[Exercise material]
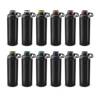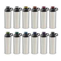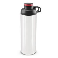 Large 900ml stainless steel drink bottle which has a secure screw on lid with a flip cap that has the option of adding a smart resin coated logo on the top. The lid also has a carry handle and a silicone outer ring for improved grip. Primo is BPA-free and has a wide opening which is ideal for adding ice cubes or fruit for flavouring. The black and white bottles laser engrave to a shiny steel finish and the silver bottle engraves to a natural etch. This product is not dishwasher safe and handwashing is recommended. Dimensions: Dia 79mm x H 260mm x 105mm.
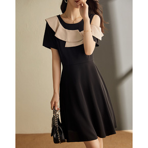 2022年夏季女新款感荷叶边裙子法式气质小黑裙露肩...
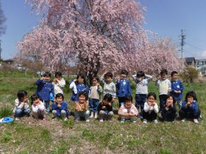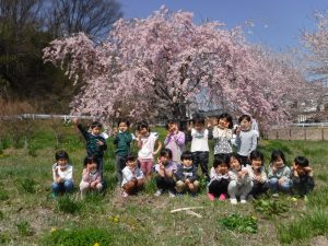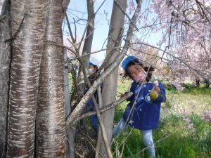 ・「ここは、僕のお家だよ」と枝垂桜の枝の下をおうちに見立てて遊ぶ子もいました。「先生どうぞ~」と優しく迎えてくれました。
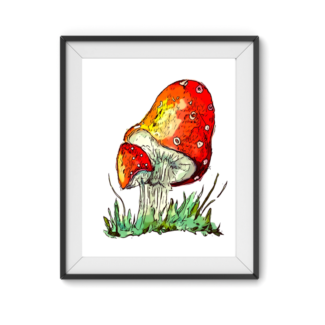 Magical mushroom here! Whether you go mushroom hunting, eat mushrooms in your pasta or do something entire different with mushrooms, this bright print is sure to bring joy to your day!
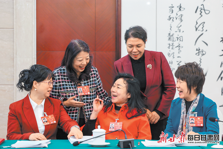3月8日,住甘全国政协委员在会议间隙热烈交流。新甘肃·甘肃日报记者 冯乐凯
[/Exercise material]
=== Prompt ===
Output every entry above exactly as written, but omit the pictures.

=== Result for this exercise ===
 Large 900ml stainless steel drink bottle which has a secure screw on lid with a flip cap that has the option of adding a smart resin coated logo on the top. The lid also has a carry handle and a silicone outer ring for improved grip. Primo is BPA-free and has a wide opening which is ideal for adding ice cubes or fruit for flavouring. The black and white bottles laser engrave to a shiny steel finish and the silver bottle engraves to a natural etch. This product is not dishwasher safe and handwashing is recommended. Dimensions: Dia 79mm x H 260mm x 105mm.
 2022年夏季女新款感荷叶边裙子法式气质小黑裙露肩...
 ・「ここは、僕のお家だよ」と枝垂桜の枝の下をおうちに見立てて遊ぶ子もいました。「先生どうぞ~」と優しく迎えてくれました。
 Magical mushroom here! Whether you go mushroom hunting, eat mushrooms in your pasta or do something entire different with mushrooms, this bright print is sure to bring joy to your day!
3月8日,住甘全国政协委员在会议间隙热烈交流。新甘肃·甘肃日报记者 冯乐凯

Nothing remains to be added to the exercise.